Instructions and Help about Can 940 Schedule Reduction Rates

All right, I think we're going to go ahead and get started. I appreciate everybody participating this morning, or should I say, this afternoon. We thought it would be a good idea to explain some terminology and how to get your unemployment tax rate since this is about the time employers start receiving their rates for the next calendar year. We have some friends on the line from school districts and such, so I'll explain a bit about the reimbursable status, as this is how you pay your unemployment tax as well. Okay, let's get started. Here are some UI tax rate basics. There are two basic types of Merit Systems - the reserve account method and the benefit cost method. The reserve account method is based on the ratio of the employer's reserve account balance to the average taxable payroll. Employers pay into a reserve account each quarter based on their payroll tax, and the balance is determined by contributions less benefits paid. This balance is then applied to the average taxable payroll figure, which changes every year during the calculation period of your UI tax. This determines your unemployment tax rate.

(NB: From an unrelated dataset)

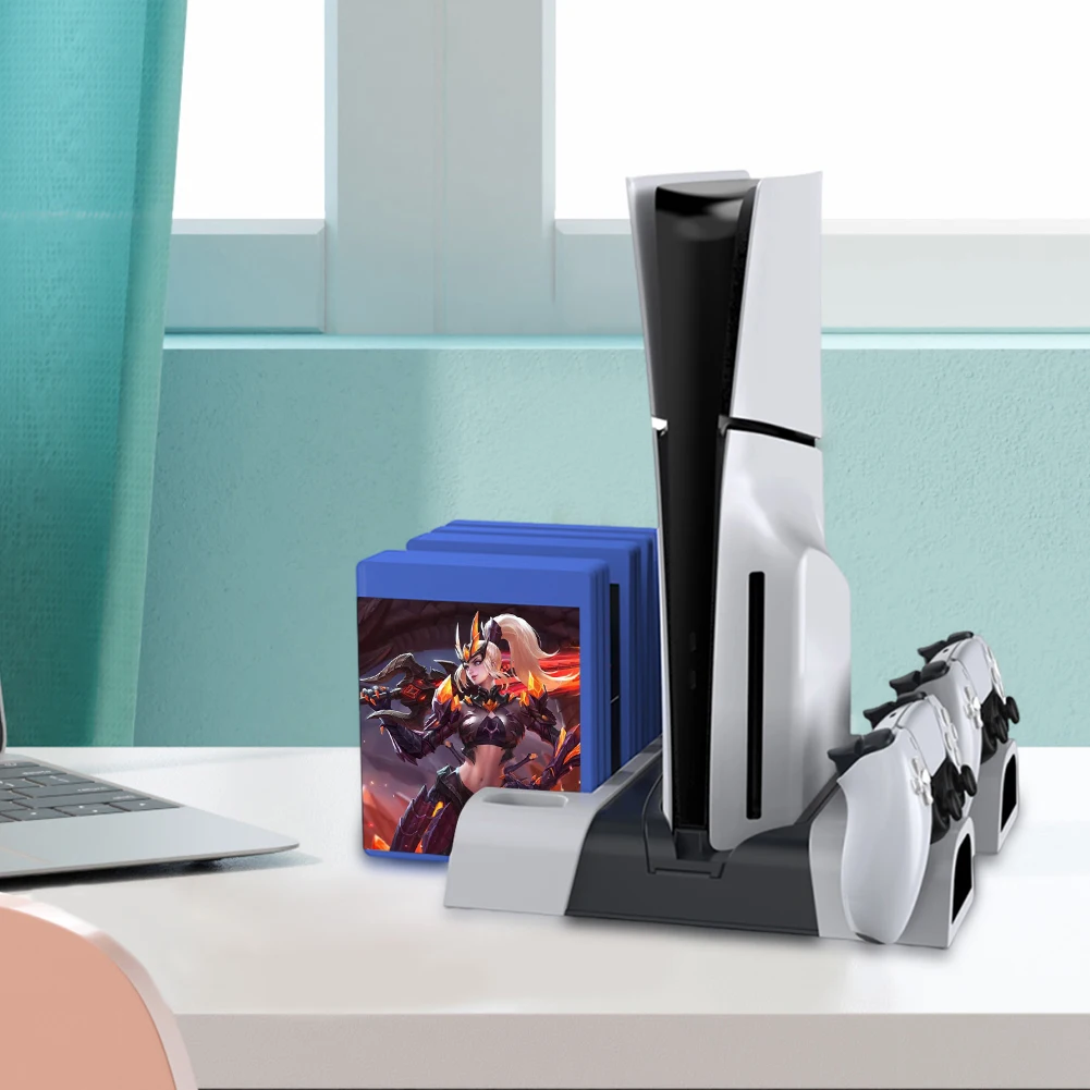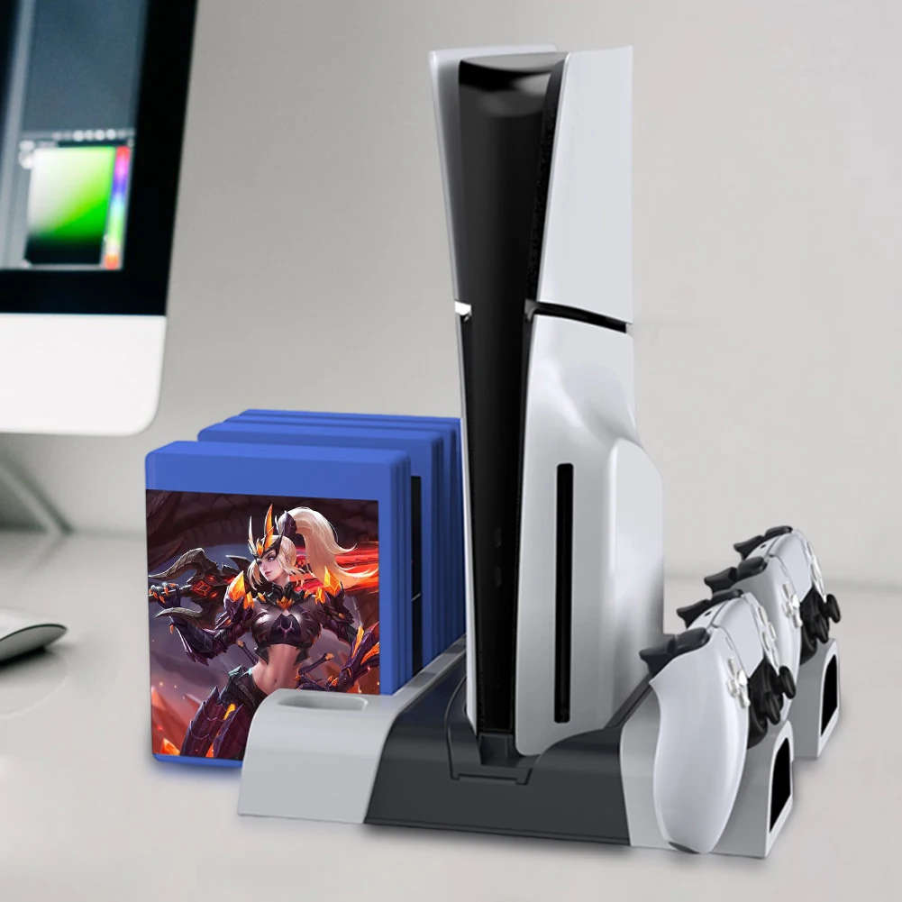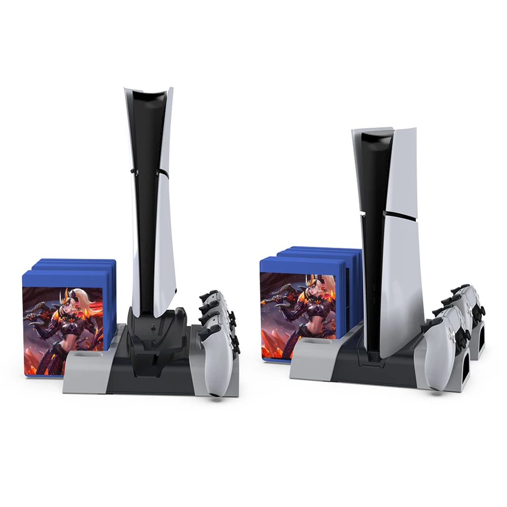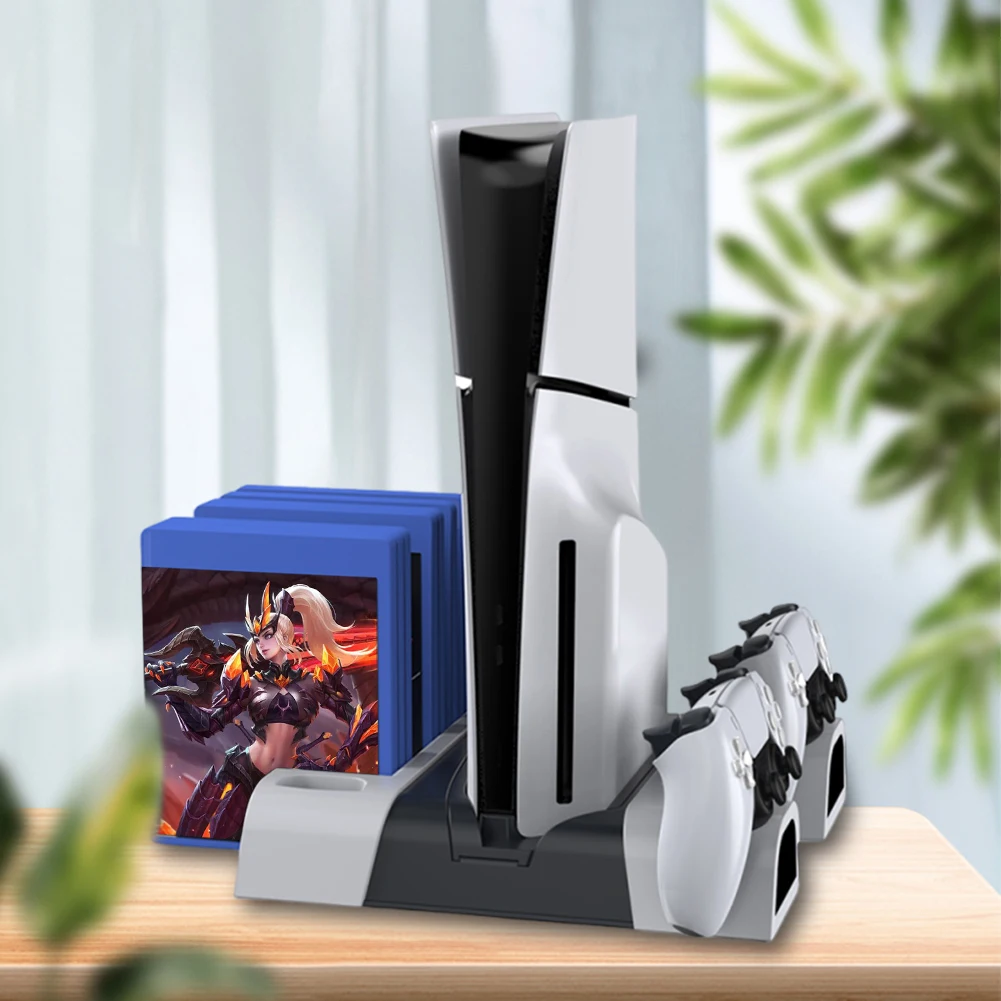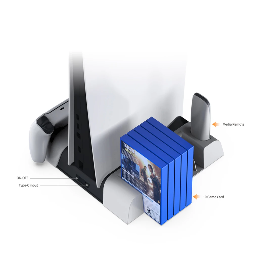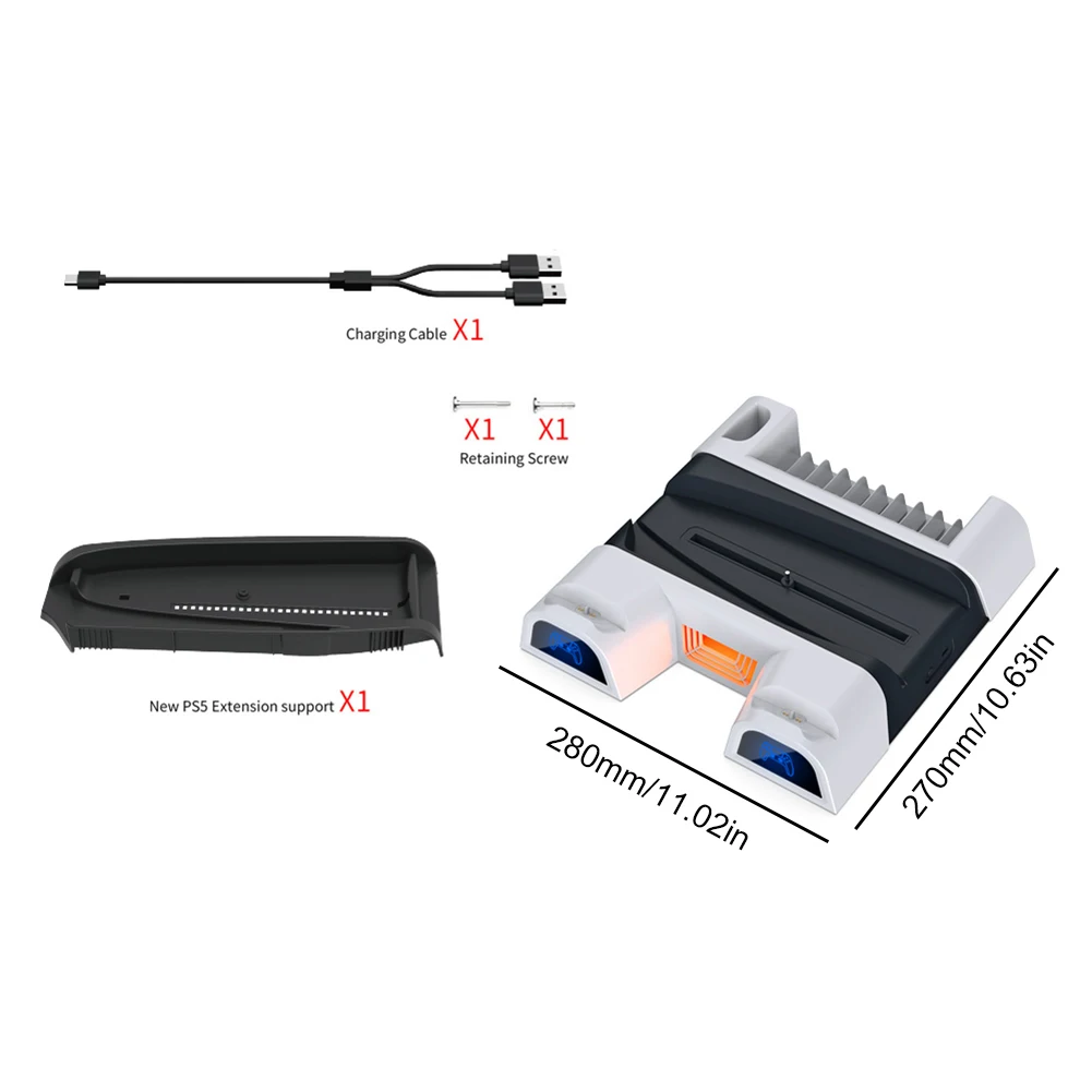 5. Diseño elegante y durabilidad:Este soporte enfriador está diseñado para complementar tu consola PS5 con su aspecto elegante. Hecho con materiales de alta calidad, garantiza durabilidad y estabilidad para un uso duradero. No solo sirve como una práctica solución de carga, sino que también agrega un toque elegante a su configuración de juego.

This method helps avoid drastic rate fluctuations and can withstand a few claims without significantly impacting the rate. The other method is the benefit cost method, which is based on the ratio of the employer's assessed benefit charges to the average taxable payroll. This method is more volatile and directly tied to the amount of benefit charges received in a fiscal year. States like Texas, Oklahoma, Kansas, Missouri, Pennsylvania, and others use this method. There is no reserve balance to balance out the rate, so if you have a bad year with high benefit charges and a relatively unchanged taxable payroll, your unemployment rate can be highly affected. When calculating...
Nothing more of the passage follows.